Nope. Purity is way middlebrow. And that’s okay!

Purity is the most complex of Franzen’s big novels, but it’s still nowhere near as complex as Infinite Jest. Franzen’s strength is characters; DFW’s strength was, like, everything, so to see them both trotted out as “highbrow” is kind of weird! Infinite Jest is perceived as being inaccessible (my thoughts on that) and it’s certainly experimental. The only way to put the story together is to finish all 1,096 pages then go directly back to page 1, because the end is the beginning is the end. Purity is relatively linear. Like The Corrections and Freedom, there are multiple narrators, with some flashbacks and family history. There are more narrative threads in Purity, and more pieces to put together, and they don’t come together as easily, but it’s no trouble to follow the story.

Jason talks about Virginia Woolf’s assertion that the highbrow exists to reflect the lowbrow society, because those lowbrows can’t do it themselves. Franzen is known for writing about “big issues” and society and culture and all that. Like the narrative structure, I found that the “issues” in Purity were presented in more interesting ways than his previous novels. Chip’s Lithuanian adventures in The Corrections could only be satire. The child-free rants in Freedom could only be, well, rants. Purity mashes up German history and recent American scandal in a way that’s kind of outrageous but also realistic. The parallels between cold war Germany and the quasi-Wikileaks organization Purity works for aren’t shoved down our throats. All that said, Purity isn’t nearly as ambitious as Infinite Jest, which examines society in the 90s by comparing it to society in 2010, which is pretty crazy for a book published in 1996.

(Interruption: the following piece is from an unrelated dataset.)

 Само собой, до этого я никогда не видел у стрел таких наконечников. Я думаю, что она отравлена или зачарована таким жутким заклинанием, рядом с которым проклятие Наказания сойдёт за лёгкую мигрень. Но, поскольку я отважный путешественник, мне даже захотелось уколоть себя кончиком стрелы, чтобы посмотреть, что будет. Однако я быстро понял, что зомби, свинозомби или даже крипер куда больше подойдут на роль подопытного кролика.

Franzen’s built up this highbrow persona (or, the media has,) but once you get into his work, it’s funnier, more accessible, and more comforting than you might expect. Reading DFW was more accessible than I thought it would be too, and more hilarious, but not comforting at all. I haven’t read a word of his since I read his short story Incarnations of Burned Children nearly two years ago, because I’m still reeling. SincePurity, my reading has been a veritable Franztravaganza: I read (not reread!) The Corrections and listened to The Discomfort Zone (read by the author) and am making plans to read How To Be Alone and/or Strong Motion soon.

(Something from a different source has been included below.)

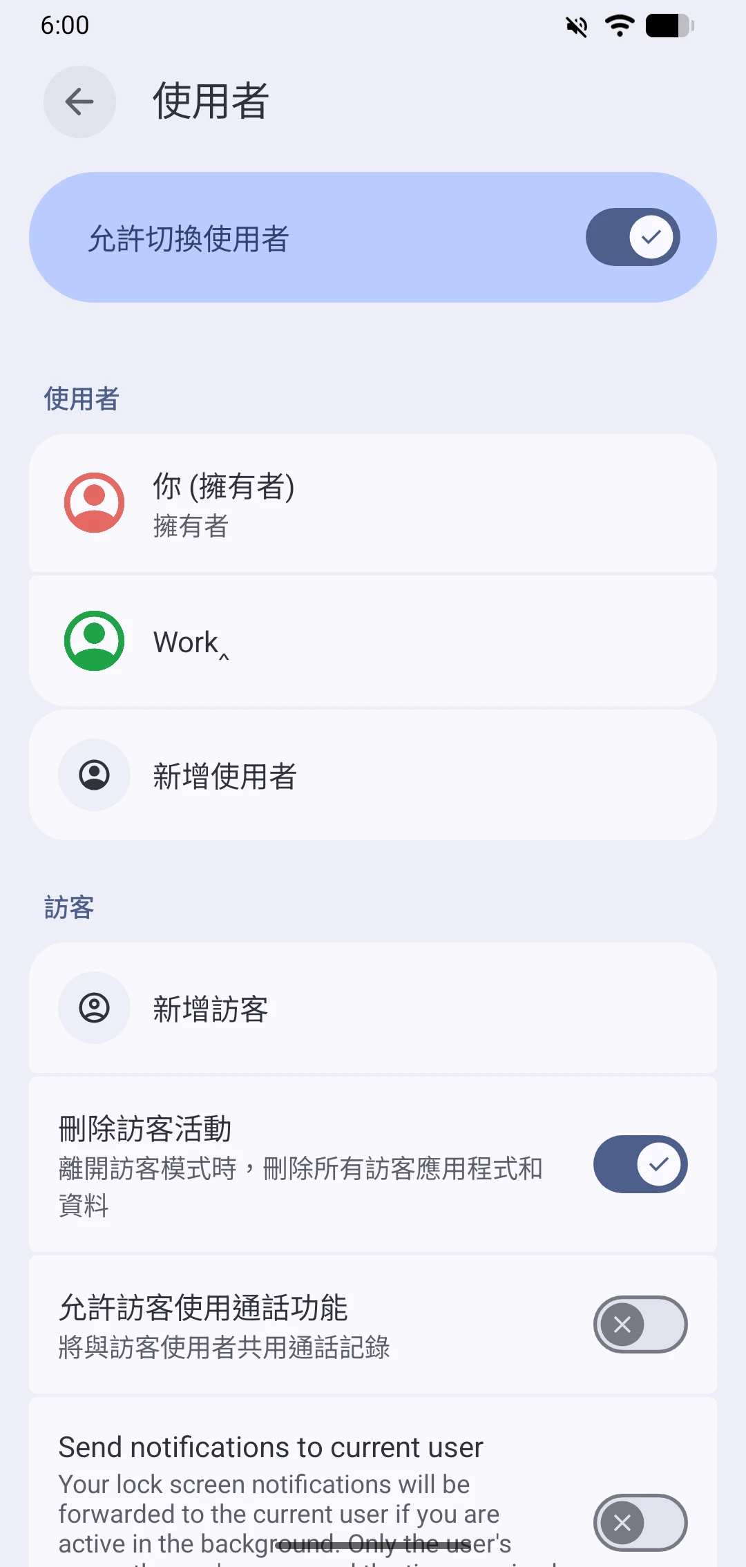 多重使用者(設定 → 系統 →使用者),必須先登出目前使用者,好像在使用另一台手機一樣。可以設定密碼。不適合需要在主帳號與副帳號APP快速切換的場合使用。可以凍結APP執行。開啟後會在通知欄顯示目前的使用者。

If you really want me to prove Franzen’s middlebrow status, ask me to review The Corrections by comparing it to a Jennifer Weiner’s Fly Away Home. They’re basically the same story, minus the Lithuanians and lesbians: parents’ fuck-ups expose how fucked up their children are, mothers fixate on one last family gathering, sexual deviance and hilarity ensue. I think if they’d read each other’s books, they could put their whole feud to rest.

I guess this isn’t really a revelation. We knew it the minute Oprah chose him for her book club: Franzen writes excellent, readable, insightful, middlebrow fiction. And most days, like most people, I’ll take the middlebrow.

Purity by Jonathan Franzen (Review #2)

Fifty Shades of Franzen

Hey, did you know that Jonathan Franzen can’t write sex? He was even nominated for bad sex award a few years back.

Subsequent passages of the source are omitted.